И тогда, словно по заказу, в облачном месиве, плотно затянувшем поверхность Ледовитого океана, появилось “окно”.
— Земля! — крикнул штурман и откинул с головы капюшон чукотской малицы, чтобы лучше, вернее разглядеть сушу, спасительную сушу, так неожиданно открывшуюся под ними.
— Ледник… — протянул разочарованно пилот. — Ледник. А мы на колесах…

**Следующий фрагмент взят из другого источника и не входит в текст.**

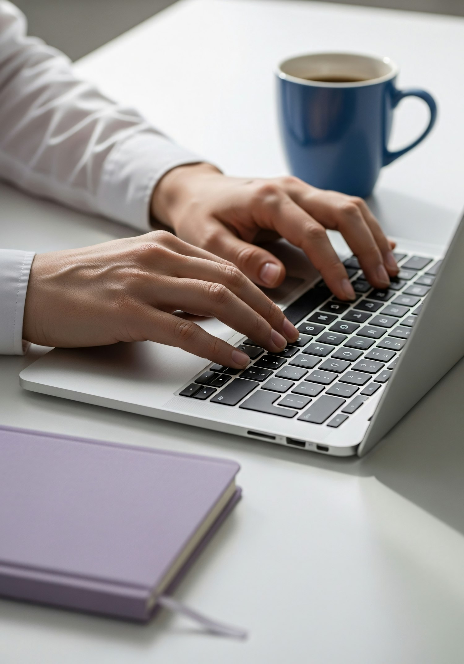 Hands typing on a laptop keyboard, with a blue coffee mug and a lavender notebook on a white desk.

Флагштурман Михаил Гордиенко пожал плечами:
— Должно быть, это остров Джексона. От него до базы на Рудольфе всего тридцать километров.
— А ты уверен, что это остров Джексона? — спросил штурмана пилот. — Земля Франца-Иосифа насчитывает восемьдесят семь островов 1. Мы четыре часа не видели земли.
— Этот Джексона. Больше мы не увидим земли. База на Рудольфе в тридцати километрах.
— Вот только в какую сторону?
— Вот именно… — протянул штурман.
— Ладно, — сказал пилот. — Снизимся, посмотрим, — и обратился к радисту: — Сообщи, чтобы остальные самолеты следили за нами.
Сбросив газ, огромный оранжевый четырехмоторный самолет ушел в “окно”.
— Видишь, снег неглубокий… Лед-то как блестит.
— Жаль, что мы не на лыжах, — сказал пилот. — Всем уйти в хвост! Немедленно!
Гордиенко понимал, что это необходимая мера. Она преследует две цели: даст самолет “козла” — люди будут своего рода балластом, который может помочь машине вернуться в нормальное положение; случится что-либо похуже — из горького опыта катастроф известно: хвост почти всегда остается целым.
Однако штурман остался рядом с пилотом.
Сделав широкий круг, самолет зашел на посадку и низко потянул над темными трещинами ледников.
— Тяни! Тяни! — послышался над ухом пилота голос штурмана. — Там, впереди, ровно! И трещин нет!
— Ты не в хвосте? — удивился пилот. Но тут он “перетянул” последнюю трещину, и разговаривать стало некогда. Машина мягко коснулась земли, вернее, льда, и покатилась, поднимая тучи снега. Вдруг сильный толчок потряс самолет. Машина, задирая хвост, стала падать на нос, но лишь качнулась и приняла нормальное положение.